Mr. Chesterton is a fat man. There is a rumour in England that many Americans felt they had been defrauded of their money when they went to hear him lecture lately because he was hardly so fat as they had been led to believe! He certainly is not so bulky now, because of a serious illness, as he was when I first knew him, but in those days he was undeniably an enormous man. And in himself he is a complete refutation of the legend that fat men are dull men. Dr. Johnson was another fat man whose large flesh covered a large intellect. Dr. Johnson, indeed, was so able a man that, in spite of an incorrigibly lazy character, which kept him abed of mornings when he ought to have been improving the shining hour, he compiled a dictionary with little assistance which, so Frenchmen said, would have engaged the labours of forty French scholars for a long time.
These legends about men of wit and dull men need to be revised. There have been as many fat men of genius as there have been lean men of genius. There have been as many epicurean geniuses as there have been ascetic geniuses. My experience is that men of great mental energy are fonder of their food than many men with torpid minds; and some of the ablest men I know are excessively addicted to the pleasures of the table. Mr. Shaw is a fastidious feeder, with odd likes and dislikes, but no one could say that he is indifferent to what he eats. It is, I think, an ironic commentary on the legend that fat men are lacking in cleverness, that much the cleverest of those who oppose the opinions of the lean Mr. Shaw is the fat Mr. Chesterton.
Mr. Chesterton, was sent into the world by an All-Just God for the exclusive purpose of saying the opposite to Mr. Shaw. With the most complimentary intention I say that Mr. Chesterton's job in the world is, when Mr. Shaw speaks, to reply, "On the contrary!..." He has to restore the balance which Mr. Shaw very vigorously disturbs. Mr. Chesterton is considerably younger than Mr. Shaw, much younger than most people, on seeing him, imagine him to be. He was born in London in 1874. His book on Browning was published when he was twenty-nine, and "The Napoleon of Notting Hill" when he was thirty. The bulk of his work, and certainly the best of it, with the exception of the "Short History of England," was published before he was forty. The bulk, and certainly the best, of Mr. Shaw's work was published after he had passed his fortieth year. A critic comparing the two writers ought to remember that Mr. Shaw's work is mainly that of a mature man, whereas that of Mr. Chesterton is mainly the work of a young man.
II
Gilbert Keith Chesterton is commonly known as a writer of paradox. He is something of a paradox himself, for he is half-Scotch, half-French, and wholly English. This paradox is not any more startling than the fact that yellow and blue, when mixed together, become green. England is half-way between Scotland and France! He handles paradox very skilfully, but there are times when he imagines he is making a paradox and is only making a pun; and there are other times when he is merely making nonsense. He states in a book called "What's Wrong With the World" that "the prime truth of woman, the universal mother" is "that if a thing is worth doing, it is worth doing badly." That is singular paradox! I can understand a prime truth which declares that a thing is worth doing, even if it be done badly, but I cannot understand a prime truth which seems to make a merit of bad workmanship.

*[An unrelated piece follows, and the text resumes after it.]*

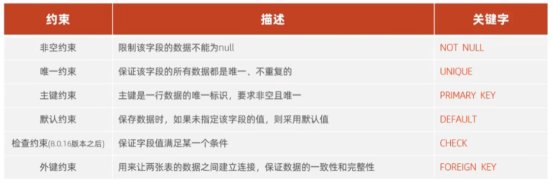 - 约束是作用于表中字段上的规则,用于限制存储在表中的数据

Elsewhere in the same book, he says that "submission to a weak man is discipline. Submission to a strong man is servility." The proper commentary on that paradox can only be made by a soldier. I can assure Mr. Chesterton that the discipline of a weak man is the nearest approach to tyranny I know, and it flies to pieces in times of great distress. Your strong man can hold thoroughly frightened men to their manhood with a word and a wave of the hand, but your weak man demoralizes them with the fretful tyranny which he calls strength. The submission of strong men to a weak man may be called discipline, but it would be better named self-assurance. But in the field itself, when authority and strength are needed, that weak man is quietly pushed into the background, and the really strong man, although he may be a private soldier, takes command. One can, of course, pick holes in many of Mr. Chesterton's paradoxes in that manner, but it is profitless to do so. Our work now is to discover what is of value in his doctrine and to describe what is unsound in it.

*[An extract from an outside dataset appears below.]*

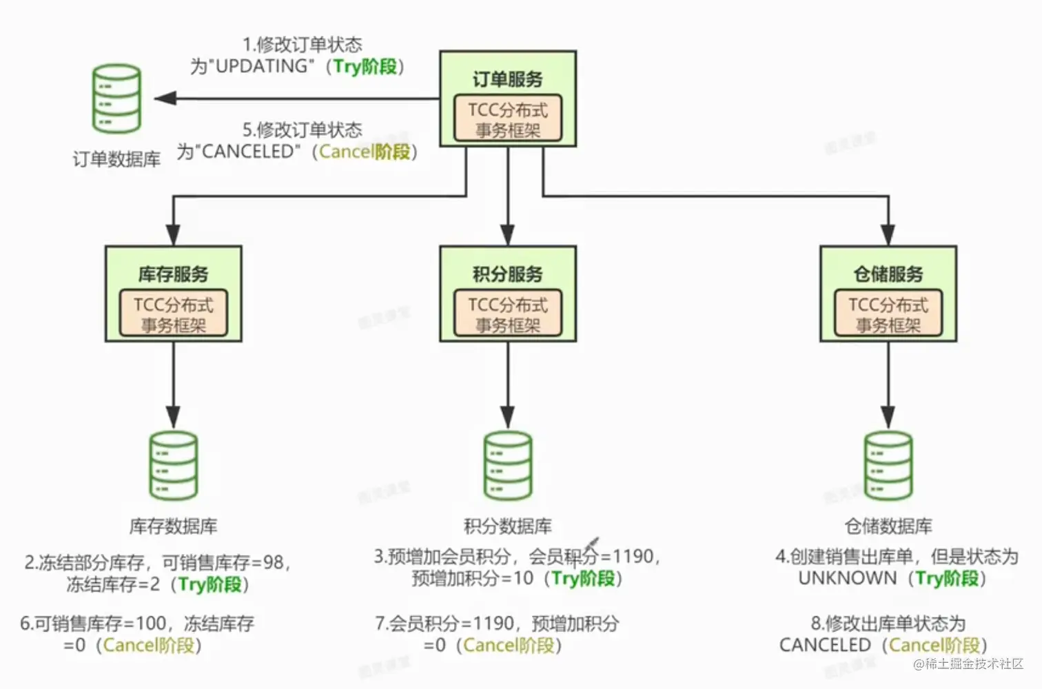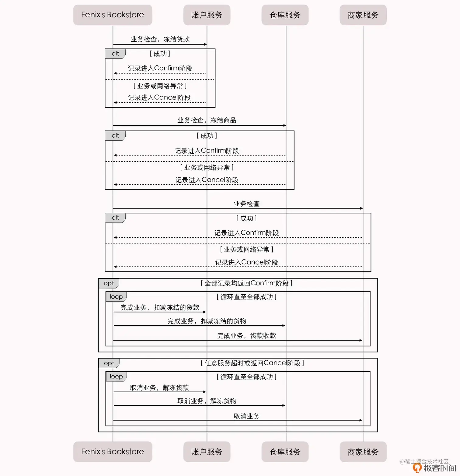 那么,根据 Fenix's Bookstore 在线书店的场景事例,TCC 的执行过程应该是这样的:

Roughly, one may say that Mr. Chesterton stands for the common man against the very clever man. He believes more in the People than he believes in Particular Persons. As he himself would say, he trusts Man more than he trusts any man, a statement which reads better than it sounds. He believes in tradition, even in legend, which is the wisdom accumulated by Man, not out of his mind so much as out of his experience. He believes in the institution of private property, provided that the property is widely distributed. In other words, he believes in what is called Peasant Proprietorship. He does not believe in Progress as Mr. Wells, for example, believes in it, and he will tell you very emphatically that the common man was happier in the Middle Ages than he is to-day. There are times when it seems to me that Mr. Chesterton's "common man" is as mythical as the "average man" of the newspapers and the "economic man" of the economists; and I am very dubious about the happiness of the poor people of the Middle Ages. It would be foolish to carry one's doctrine too far, but if there is anything in this theory of Man deriving wisdom from experience, surely it is reasonable to suppose that human beings, having discovered a means of living which ensures some comfort and security to them, will not easily be deprived of it. Mr. Chesterton asks us to believe that the "common" man permitted the rich lord to rob him of his rights almost in ignorance of the fact that he was being robbed of them. It is just as probable that he was ignorant of them because he never had them.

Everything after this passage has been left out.